The Post Revolution Entertainment Scene in Egypt

Protest at the Cairo Opera house

by Leila Farid
posted 11-20-13

As I sat in the Gomhoreya Theater the other day waiting for the ballet to start, I felt happy just to be there. Only a few short months ago, the dancers and staff had been on strike. They were demonstrating against a statement by the former Islamic Minister of Culture, calling the ballet “nudity” and “indecent” and proposing to eradicate it all together.

As I watched the gorgeous rendition of the old folk tale “Ayoub wa Nassa” by the Opera’s Forsen el Shar’a Ensemble, I couldn’t help but think of how close Egypt came to going down a road where dance, secular literature and film may have become dinosaurs of the past.

Since the massive demonstrations that lead to the ousting of Islamic president Mohamed Morsi, Egypt breathed a short sigh of relief. The two kilometer long gas lines are gone, the cost of electricity has been cut by at least half (and it actually works-no more day long power cuts), and water comes out of the tap when you turn it on. Essentials have been restored which make daily life easier. The sense of lawlessness that permeated the streets during Morsi’s presidency is gone. The police are back and the military is a presence again with the majority support of the people.

Now starts the long and grueling rebuilding of the country. Writing a new constitution, managing effectively the countries resources, establishing social programs and minimum wage, addressing the gas crisis, organizing a new and fair presidential election are just a few of the problems facing the interim government. Also the followers of ex-president Morsi did not go quietly. There are incidents every few days where Morsi’s followers retaliate for what they saw as a coup. The universities are hot beds for clashes between students who supported Morsi and the students who support his ousting.

For artists, we lived a very long year under Morsi’s presidency, wondering when and where the axe would fall and would it be our art form that was next on the chopping block. Tax cases were brought against most working dancers in Egypt and even those who had retired or returned to their own countries. The Islamists did not stop us from working but they made us pay for being dancers, literally.

It would have been hard to find a dancer in Egypt who didn’t celebrate the exit of Morsi and his government.

Just as the threat to our art form from the Islamists is gone, we face another one, economics. For dancers in particular, the elation at having a secular government has been replaced with the numbness of the dry spell that is already upon us.

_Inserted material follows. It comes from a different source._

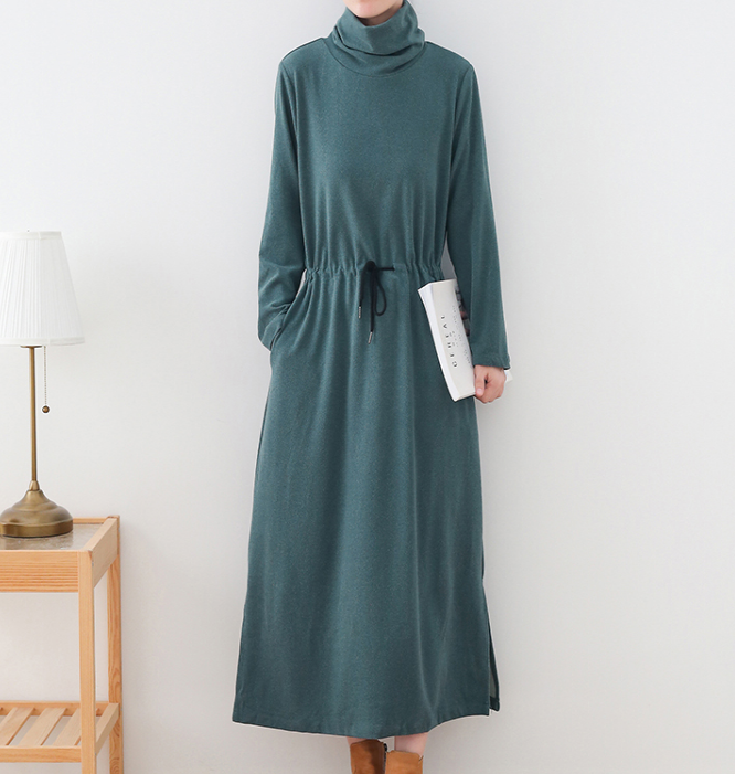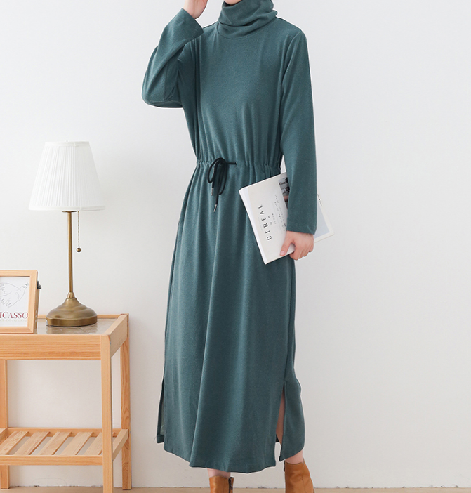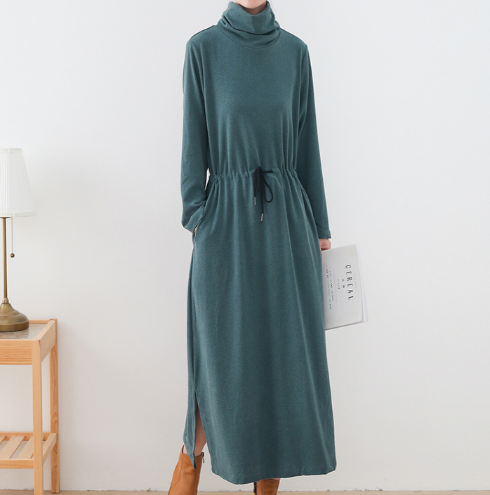 High Collar Side Slit Long Sleeve Women Dresses Casual Women Dresses SSM97215

Lynette had asked me when I was in the States over Ramadan last Summer, to update the Cairo clubs page, which was originally added in 2007, and updated in 2009, investment and industry has given people hope that this summer things will start to turn around. But the winter we are facing is long and cold.

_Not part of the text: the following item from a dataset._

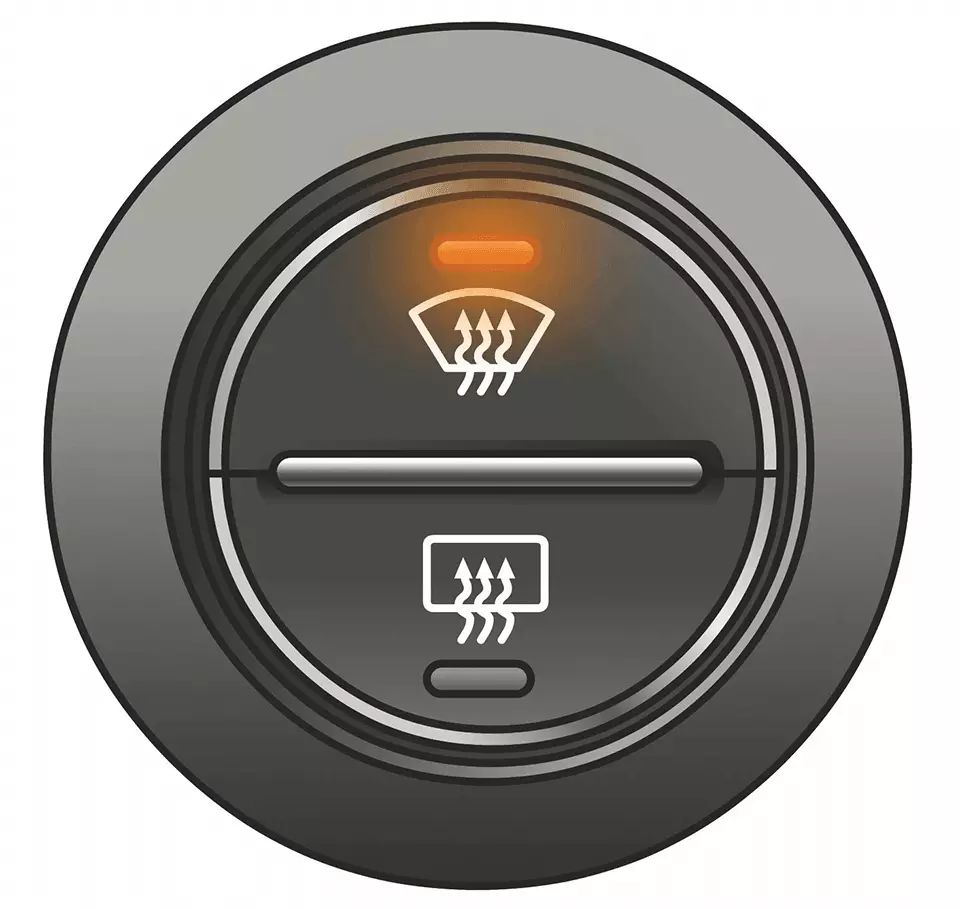 按下这个开关,后风窗玻璃除霜器开始工作。

Hopefully some of the restaurants and nightclubs that featured dancers will reopen or new ones will take their place. It is hard to imagine an Egypt where dance is not a big part of Egyptian entertainment. Personally, I don’t think Oriental dance in Egypt will die. I think it just has to sleep for a while before being awakened by the handsome prince of tourism and a stimulated economy. Maybe in the months ahead there will be a new beginning for raqs sharki; I have hope!

Leila performing in a Cairo Club

Current Clubs and Dance Venues in Cairo

Amoun Cabaret Shakira
Aquarius Cabaret Aziza, Shakira
Grand Hyatt Boat – Folklore Show only
Intercontinental/City Stars Fairooz Restaurant – Thursday nights only, Soroya
Memphis BoatLuna
Marriott Zamalek Outdoor Tent and Nightclub – Worked on and off after the revolution. Closed since early 2013
Meridian Haram Outdoor – Closed after the revolution
Merryland Outdoor – Closed from 2010
Mena House Nightclub/Restaurant – Closed after the revolution
Nile Pharoan Boat – Working one cruise a night if they have reservations Magda Monti, Mona Ghazi
Nile Maxim Boat – Working one cruise a night (the dancer you see is based on the number of reservation for that night) Leila Farid, Nesma, Noura (dancer on CD)
Parisiana Nightclub – Working, Lucy (by special request)
Pyamesa Nightclub – Closed
Semiramis Intercontinental Haroun al Rashid Nightclub – Worked on and off after the revolution. Closed in early 2013
Sheraton Cairo Aladdin Restaurant – Closed in 2010
Sunset Cabaret – Working Aziza, Shakira, Shams
VIP Cabaret, Nabila Cairo – Working, Safinez

Some more Cabarets that are working in Harem Street – Lido, Hormoheb, Tivoli, Aish al Bolbol, El Leil.
*Cabarets now have house bands. The dancer does not bring her own band with her.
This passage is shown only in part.